Top of Dataset records

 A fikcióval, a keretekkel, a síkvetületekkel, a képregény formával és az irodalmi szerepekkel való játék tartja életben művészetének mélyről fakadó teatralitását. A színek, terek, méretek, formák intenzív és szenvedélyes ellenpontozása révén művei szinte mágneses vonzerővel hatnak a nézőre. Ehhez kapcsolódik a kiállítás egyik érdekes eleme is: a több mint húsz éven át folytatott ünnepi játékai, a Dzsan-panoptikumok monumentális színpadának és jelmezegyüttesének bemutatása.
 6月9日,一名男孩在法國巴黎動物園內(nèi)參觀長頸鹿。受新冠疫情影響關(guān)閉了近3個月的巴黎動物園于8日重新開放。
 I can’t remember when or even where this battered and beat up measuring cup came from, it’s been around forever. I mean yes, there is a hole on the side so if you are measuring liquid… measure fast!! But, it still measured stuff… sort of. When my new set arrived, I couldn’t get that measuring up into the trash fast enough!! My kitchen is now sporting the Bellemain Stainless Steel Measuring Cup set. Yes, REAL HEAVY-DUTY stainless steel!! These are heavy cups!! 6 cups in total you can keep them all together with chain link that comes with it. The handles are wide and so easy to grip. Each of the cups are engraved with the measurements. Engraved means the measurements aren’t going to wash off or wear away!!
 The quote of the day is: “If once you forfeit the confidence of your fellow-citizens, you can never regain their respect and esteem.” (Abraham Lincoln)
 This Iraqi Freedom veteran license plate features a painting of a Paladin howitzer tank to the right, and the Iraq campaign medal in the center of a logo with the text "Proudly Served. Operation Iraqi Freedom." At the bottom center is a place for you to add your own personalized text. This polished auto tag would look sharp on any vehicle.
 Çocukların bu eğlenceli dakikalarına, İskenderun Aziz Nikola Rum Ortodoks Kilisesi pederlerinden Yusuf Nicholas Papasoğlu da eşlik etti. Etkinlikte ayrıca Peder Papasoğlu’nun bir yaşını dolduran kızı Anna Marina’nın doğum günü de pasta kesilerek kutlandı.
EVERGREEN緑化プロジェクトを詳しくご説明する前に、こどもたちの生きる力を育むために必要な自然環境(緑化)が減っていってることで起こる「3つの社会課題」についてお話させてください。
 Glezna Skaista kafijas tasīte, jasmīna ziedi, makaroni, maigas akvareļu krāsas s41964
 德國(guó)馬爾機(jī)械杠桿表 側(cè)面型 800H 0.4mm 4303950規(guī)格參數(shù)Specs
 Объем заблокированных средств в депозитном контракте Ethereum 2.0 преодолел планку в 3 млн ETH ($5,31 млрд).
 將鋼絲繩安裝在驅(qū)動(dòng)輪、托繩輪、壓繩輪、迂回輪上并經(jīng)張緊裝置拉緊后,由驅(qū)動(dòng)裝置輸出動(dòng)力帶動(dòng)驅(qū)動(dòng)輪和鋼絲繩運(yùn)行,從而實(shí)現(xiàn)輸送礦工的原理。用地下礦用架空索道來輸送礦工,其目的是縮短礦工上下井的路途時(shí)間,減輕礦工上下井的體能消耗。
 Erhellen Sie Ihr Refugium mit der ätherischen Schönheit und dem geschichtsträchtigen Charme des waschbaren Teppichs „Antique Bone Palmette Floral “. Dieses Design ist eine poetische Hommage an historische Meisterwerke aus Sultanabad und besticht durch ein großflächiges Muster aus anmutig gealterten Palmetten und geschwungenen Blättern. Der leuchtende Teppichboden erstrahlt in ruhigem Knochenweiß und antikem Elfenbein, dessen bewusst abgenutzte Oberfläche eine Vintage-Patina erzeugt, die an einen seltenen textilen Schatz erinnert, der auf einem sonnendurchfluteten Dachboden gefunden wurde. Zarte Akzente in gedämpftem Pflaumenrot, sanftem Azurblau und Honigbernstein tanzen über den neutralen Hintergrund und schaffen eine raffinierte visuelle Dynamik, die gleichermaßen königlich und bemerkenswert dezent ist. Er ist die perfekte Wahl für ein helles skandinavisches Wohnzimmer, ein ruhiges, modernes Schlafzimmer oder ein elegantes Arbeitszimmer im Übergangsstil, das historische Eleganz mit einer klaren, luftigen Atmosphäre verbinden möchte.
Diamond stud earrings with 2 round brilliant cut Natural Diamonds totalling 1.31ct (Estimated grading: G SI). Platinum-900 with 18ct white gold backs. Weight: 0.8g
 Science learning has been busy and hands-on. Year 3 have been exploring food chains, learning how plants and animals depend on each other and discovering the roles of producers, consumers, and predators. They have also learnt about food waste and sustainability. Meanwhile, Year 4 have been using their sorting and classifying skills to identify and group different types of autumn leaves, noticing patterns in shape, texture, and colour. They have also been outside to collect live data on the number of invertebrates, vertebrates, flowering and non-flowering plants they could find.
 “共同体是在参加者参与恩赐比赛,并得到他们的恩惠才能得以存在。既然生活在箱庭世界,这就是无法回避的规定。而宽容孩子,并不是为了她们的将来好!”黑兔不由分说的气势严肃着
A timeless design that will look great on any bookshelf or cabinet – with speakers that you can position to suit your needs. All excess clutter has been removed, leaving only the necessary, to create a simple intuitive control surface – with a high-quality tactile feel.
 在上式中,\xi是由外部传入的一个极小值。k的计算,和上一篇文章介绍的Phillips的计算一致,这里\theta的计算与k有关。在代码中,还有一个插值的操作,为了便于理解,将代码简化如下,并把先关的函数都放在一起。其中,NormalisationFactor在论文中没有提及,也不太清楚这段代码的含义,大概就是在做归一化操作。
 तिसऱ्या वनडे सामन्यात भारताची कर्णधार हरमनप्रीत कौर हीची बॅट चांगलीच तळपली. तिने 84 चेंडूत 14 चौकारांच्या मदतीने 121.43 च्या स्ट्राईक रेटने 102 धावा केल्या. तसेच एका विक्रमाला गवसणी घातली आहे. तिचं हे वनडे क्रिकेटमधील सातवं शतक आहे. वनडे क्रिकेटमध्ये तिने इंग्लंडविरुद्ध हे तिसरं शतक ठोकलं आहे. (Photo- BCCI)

Bottom of Dataset records

Your answer consists solely of the lines from the top of the records above through the line that contains "The quote of", each echoed exactly.

Output of the task:
 A fikcióval, a keretekkel, a síkvetületekkel, a képregény formával és az irodalmi szerepekkel való játék tartja életben művészetének mélyről fakadó teatralitását. A színek, terek, méretek, formák intenzív és szenvedélyes ellenpontozása révén művei szinte mágneses vonzerővel hatnak a nézőre. Ehhez kapcsolódik a kiállítás egyik érdekes eleme is: a több mint húsz éven át folytatott ünnepi játékai, a Dzsan-panoptikumok monumentális színpadának és jelmezegyüttesének bemutatása.
 6月9日,一名男孩在法國巴黎動物園內(nèi)參觀長頸鹿。受新冠疫情影響關(guān)閉了近3個月的巴黎動物園于8日重新開放。
 I can’t remember when or even where this battered and beat up measuring cup came from, it’s been around forever. I mean yes, there is a hole on the side so if you are measuring liquid… measure fast!! But, it still measured stuff… sort of. When my new set arrived, I couldn’t get that measuring up into the trash fast enough!! My kitchen is now sporting the Bellemain Stainless Steel Measuring Cup set. Yes, REAL HEAVY-DUTY stainless steel!! These are heavy cups!! 6 cups in total you can keep them all together with chain link that comes with it. The handles are wide and so easy to grip. Each of the cups are engraved with the measurements. Engraved means the measurements aren’t going to wash off or wear away!!
 The quote of the day is: “If once you forfeit the confidence of your fellow-citizens, you can never regain their respect and esteem.” (Abraham Lincoln)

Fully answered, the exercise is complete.